# 1.6 TDI Engine



## breney (May 7, 2014)

Looking at a 1.6TDI engined car (vw if you must know!). My question. Are the 1.6 TDI a good engine, or are they under powered? I'm used to vehicles with the older 1.9TDI. Car I'm looking at is a 1.6 (105) golf.


----------



## millns84 (Jul 5, 2009)

We've got the 1.6TD in a Caddy Maxi and it's a good engine. You can get late 40's MPG wise around town and late 50's on a run. It's a bit under powered in something as big as a Caddy Maxi but I bet it'll be fine in a Golf or the likes.


----------



## breney (May 7, 2014)

What's it like for acceleration? I know the 1.9 is a rocket anytime I drive it - just takes off. What's it like for say B roads or country roads?


----------



## millns84 (Jul 5, 2009)

It's quite good, a fair amount of torque for its size but again because of the sheer weight it's pulling it could be better.

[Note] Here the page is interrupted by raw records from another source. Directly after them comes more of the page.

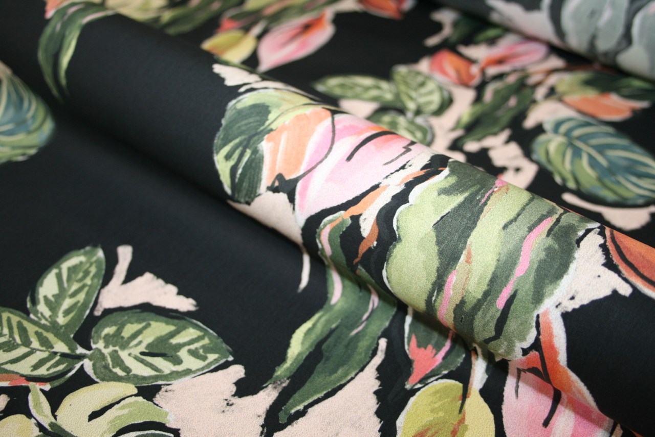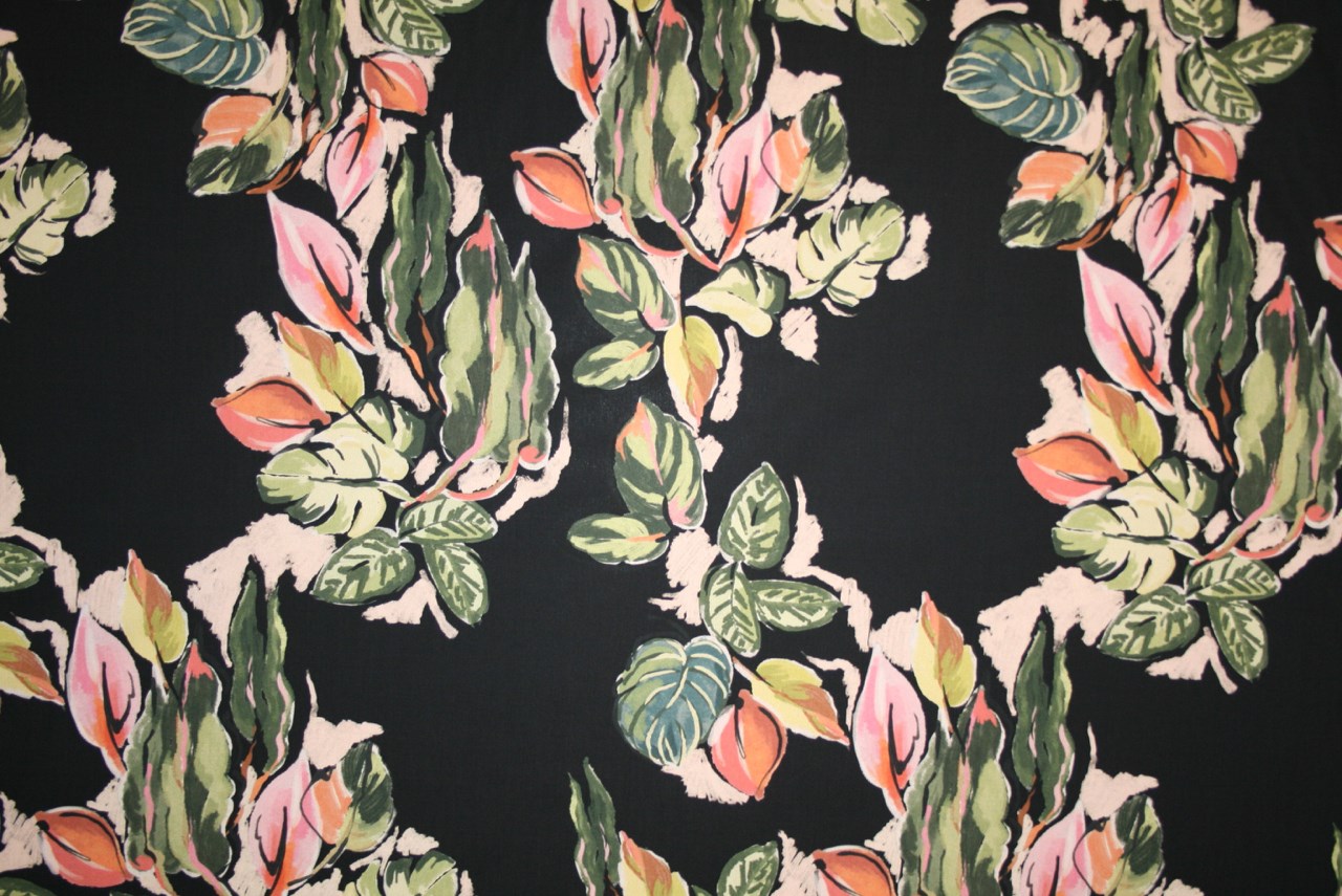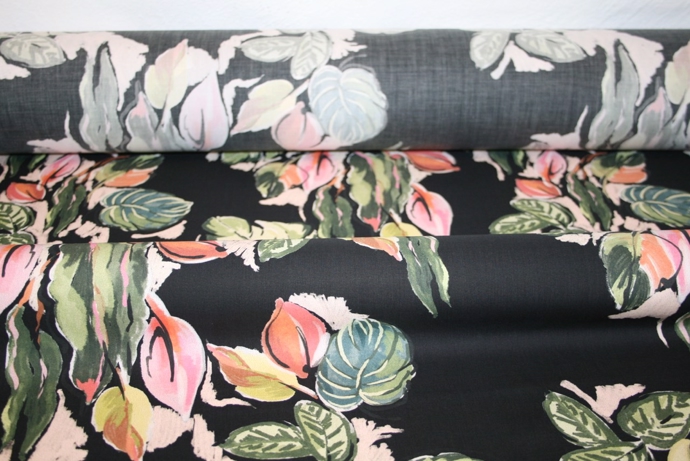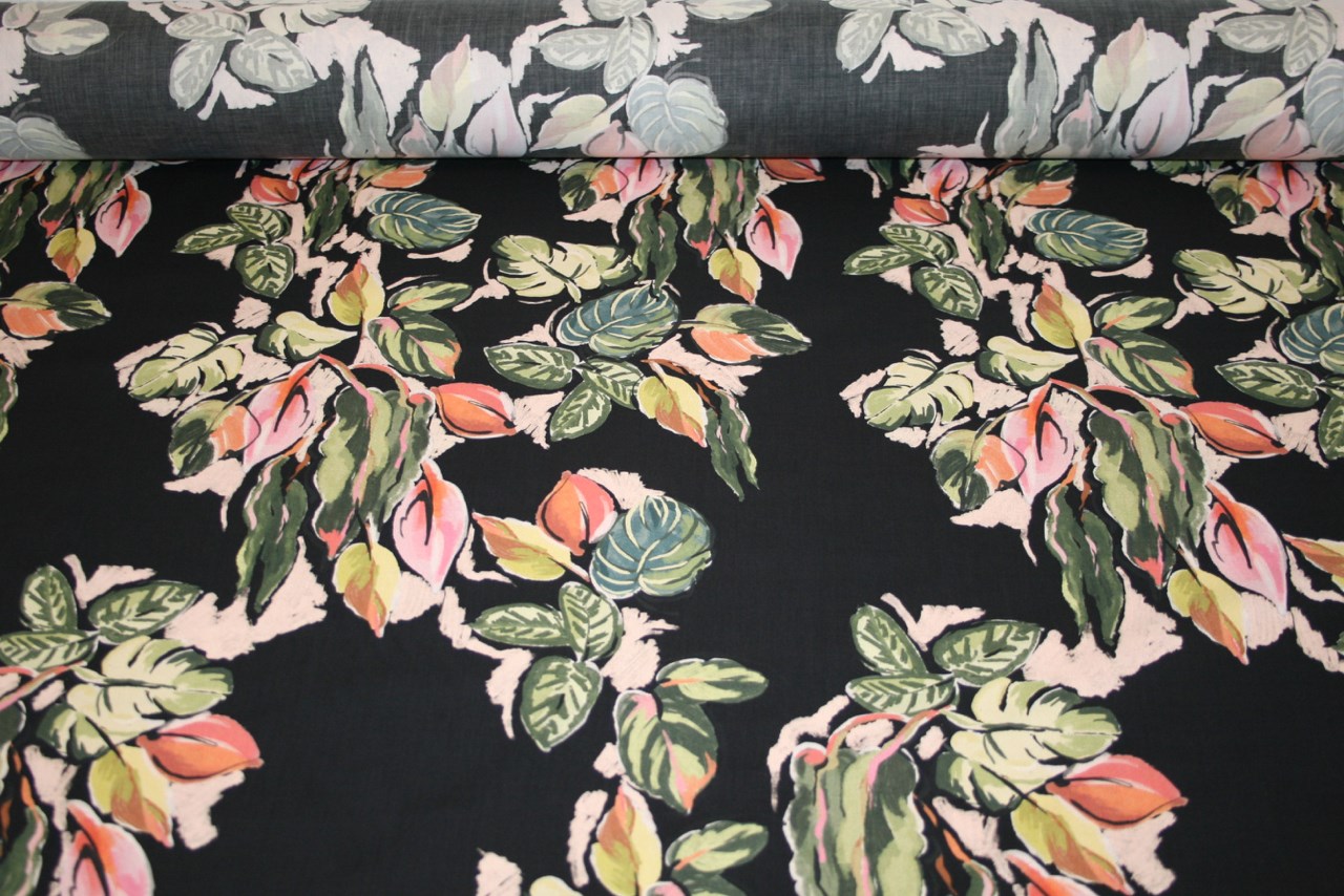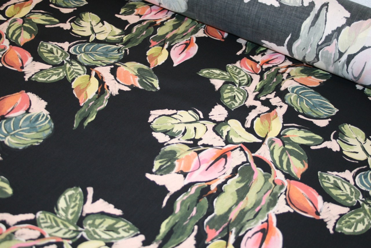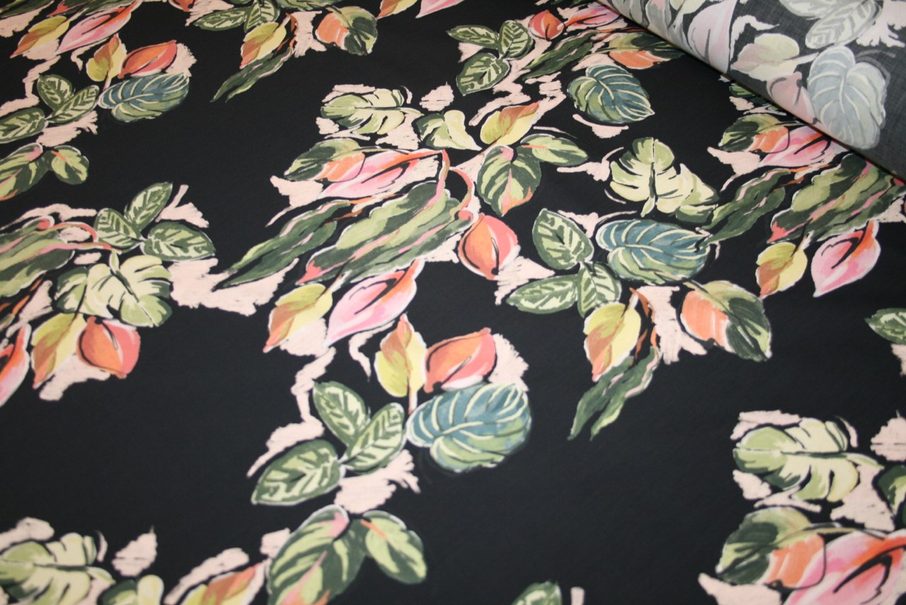 Vævet bomuld med et større bladprint på en sort bund. Let og crisp italiensk kvalitet, der giver sig en smule på tværs.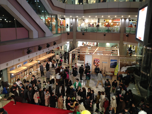| さて、イベントの方はどうだったかと言えば、大盛況だったと言っていいと思います。これは展示の善し悪しだけではなく、アーチストやアイドルを使ったステージイベントの影響も大きかったと思いますが、来てくれた来場者の反応もとても良かったようですし、いつもは無い杉の空間で楽しい時間を過ごす人々であふれ返っていました。河野宮崎県知事もステージにて自ら県のアピール。会場の貸主であるIMZの社長と面談した時に、オシャレな展示だと褒められたらしく、ご満悦でした。 | |||||||||||||||||||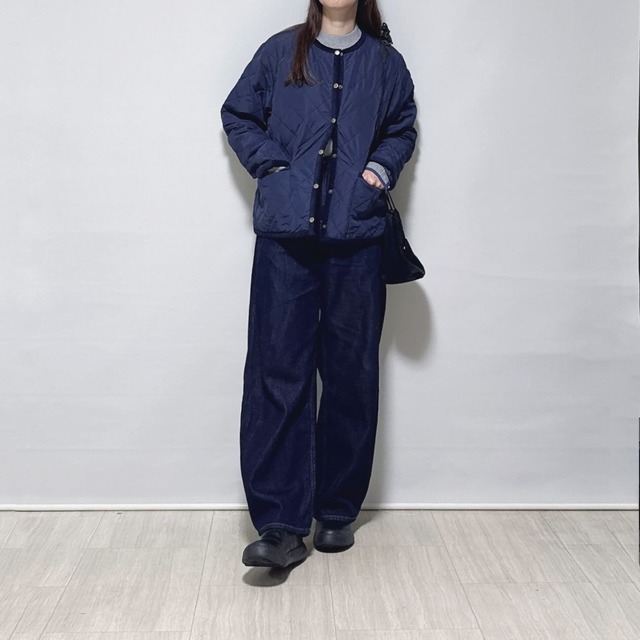 全身をネイビーのトーンで統一した、都会的で清潔感あふれる着こなしは大人世代にこそおすすめ。chiharu1978さんは、ダイヤキルトのノーカラージャケットを主役に、リラックス感と品の良さを両立させています。このジャケットは、程よいボリューム感がありながらもノーカラーですっきり見えるため、重たくなりがちな冬の装いを軽やかに仕上げてくれます。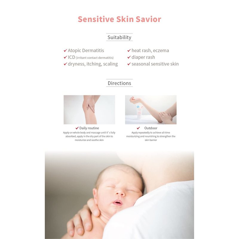 - Suitable for all skin types including: sweat rash, dry itching, peeling, seasonal sensitive skin, etc. Can be used by adults, women, infants, and children.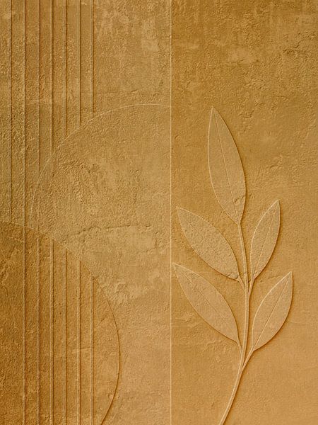 About ‘Golden Botanical Relief - Abstract Leaves in Ochre and Texture’ by STUDIO ARTSY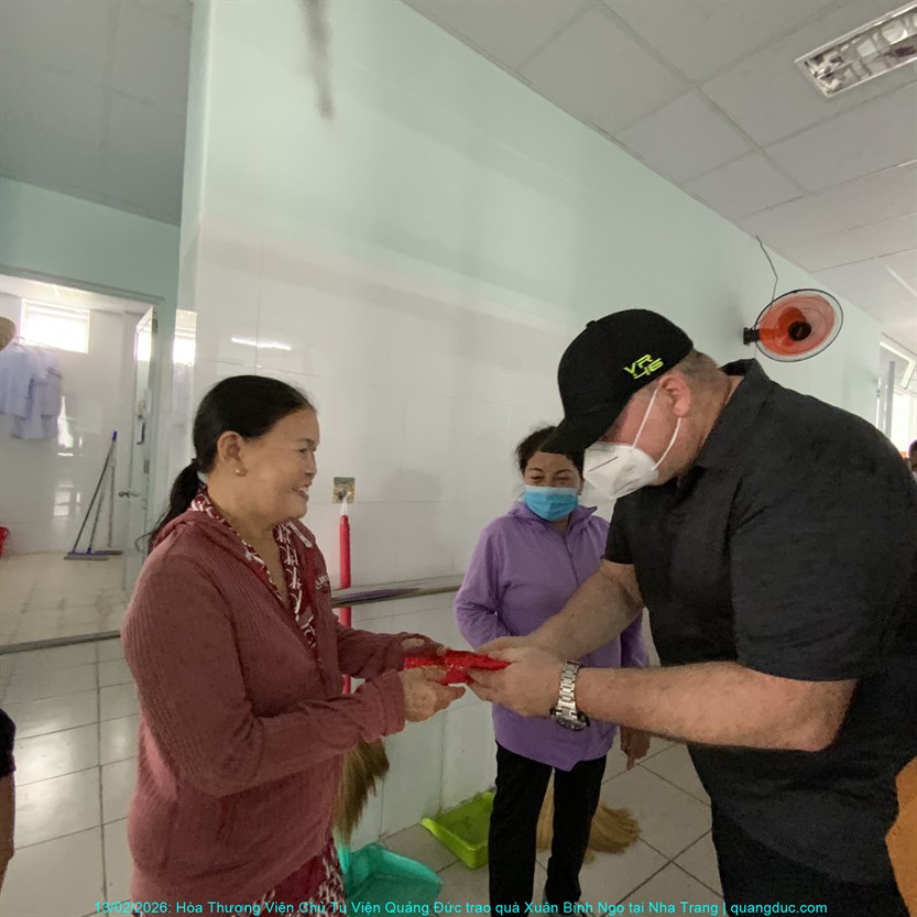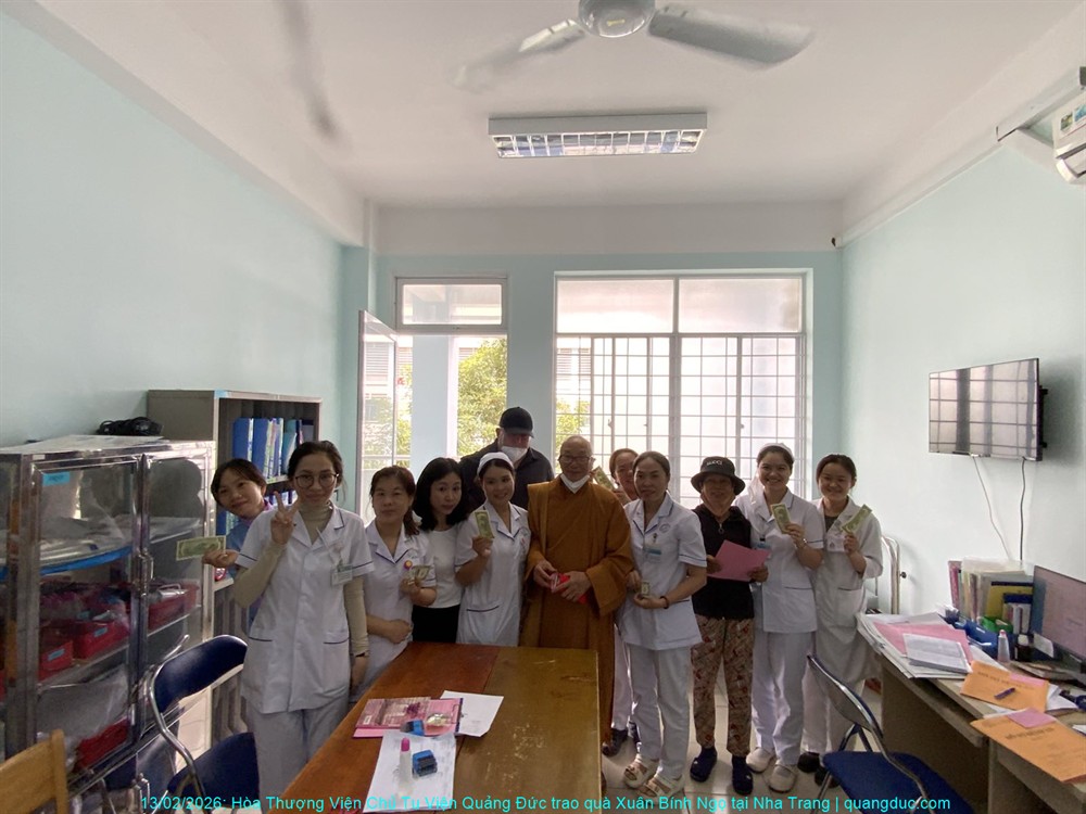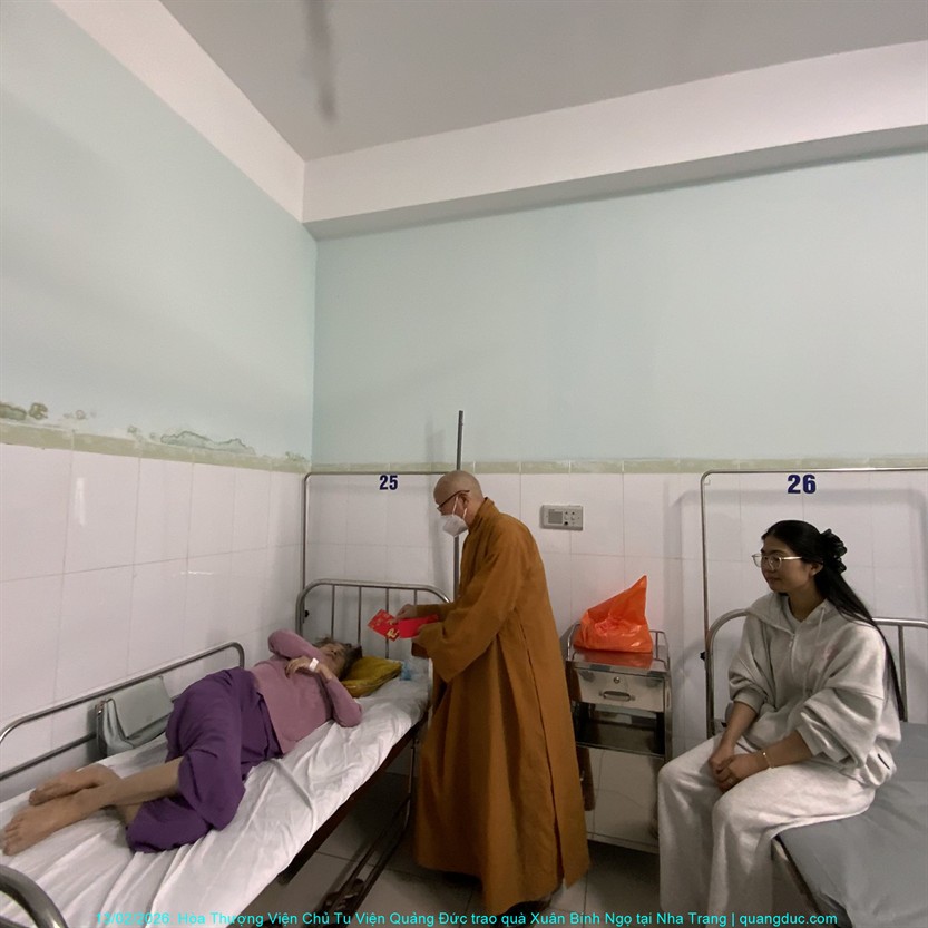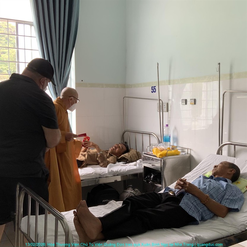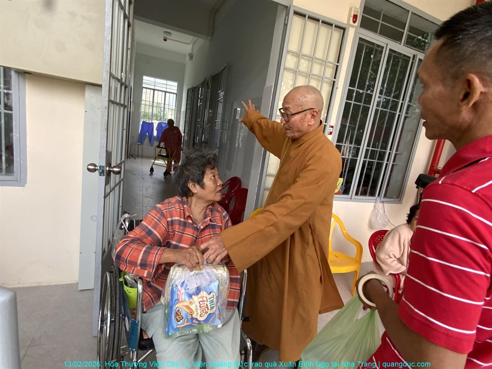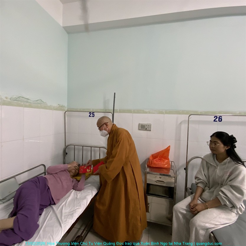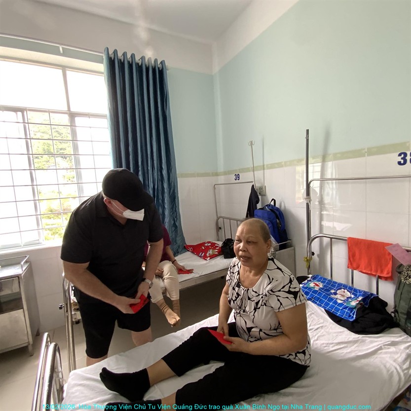 Hôm nay, ngày 26 tháng Tết (13/2/2026), Hòa Thượng Viện Chủ Tu Viện Quảng Đức, Hòa Thượng Thích Thông Mẫn, đã thân lâm Bệnh viện Ung Bướu tỉnh Khánh Hòa để thăm hỏi và trao tặng 100 phần quà Xuân đến các bệnh nhân cùng thân nhân đang ngày đêm túc trực chăm sóc. Mỗi phần quà tuy đơn sơ gồm bánh và 200.000 đồng tiền mặt, nhưng chất chứa trong đó là tấm lòng sẻ chia và lời chúc an lành đầu năm mới. Giữa những ngày giáp Tết, khi nỗi lo bệnh tật còn nặng trĩu, sự hiện diện ân cần của Hòa Thượng cùng những món quà nghĩa tình đã phần nào sưởi ấm lòng người, mang đến niềm động viên và hy vọng.
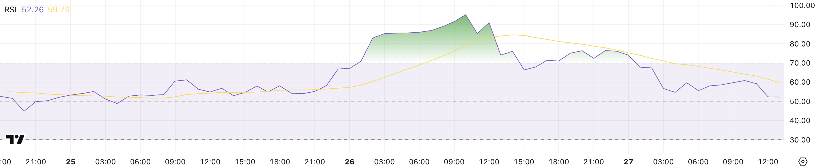 Тем временем индекс относительной силы (RSI) для криптовалюты скорректировался после достижения максимума на уровне 95. На момент написания этого материала показатель составляет 52,2.

It only ever feels slow if you're trying to boot it, normal driving even down B roads etc isn't much of an effort.


----------



## ardandy (Aug 18, 2006)

Look at the figures like bhp\torque rather than engine size.


----------



## Clancy (Jul 21, 2013)

Get the 2.0 tdi, very nice engine to drive 

Not been in the 1.6 but 105 bhp is like a 1.4 petrol, torque will be good on low end acceleration but don't expect any top end out of the engine


----------



## breney (May 7, 2014)

I'm driving a 1.6 petrol at the moment and find it to be very weak pulling off, and until you get it up to into higher revs, and higher gears. Was hoping the diesel would be better. Wouldn't dare overtake with what I have, it's very sluggish so I'd like something with plenty of power, that if I wanted to overtake I could, and that's good and lively, when the mindset takes you that way!


----------



## bidderman1969 (Oct 20, 2006)

I had this engine in a Superb as a replacement taxi when mine was being fixed (greenline model) and found it alright, so much so, that I'm seriously considering getting one, doesn't set the world alight, but then again, a 1.6 diesel never really will, but the fuel economy and low road tax and (in that model) congestion charge free, far outweighs any faster performance in my eyes


----------



## breney (May 7, 2014)

Hmm that's a good point. Up until petrol prices came down recently I was getting killed by my 1.6 in petrol. I had been thinking of a diesel for better economy. I drive between 12 and 18k miles a year


----------



## GleemSpray (Jan 26, 2014)

millns84 said:


> It's quite good, a fair amount of torque for its size but again because of the sheer weight it's pulling it could be better.
> 
> It only ever feels slow if you're trying to boot it, normal driving even down B roads etc isn't much of an effort.


I would echo those comments.

I've got the 1.6tdi (105) in a Mk 6 Golf. Its got plenty of oomph 95% of the time, just sometimes when you floor it at low revs (around 1000 - 1200 revs) in 3rd gear or above there is a small moment of lag (turbo lag ?) then its off strongly. Never happens when pulling away from a standstill, just a slow rolling boot.

It is such a small hesitation tho, you quickly get used to it and compensate for it and it never then catches you out. Switching to Shell V+ diesel has reduced this hesitation and make the engine more responsive all round.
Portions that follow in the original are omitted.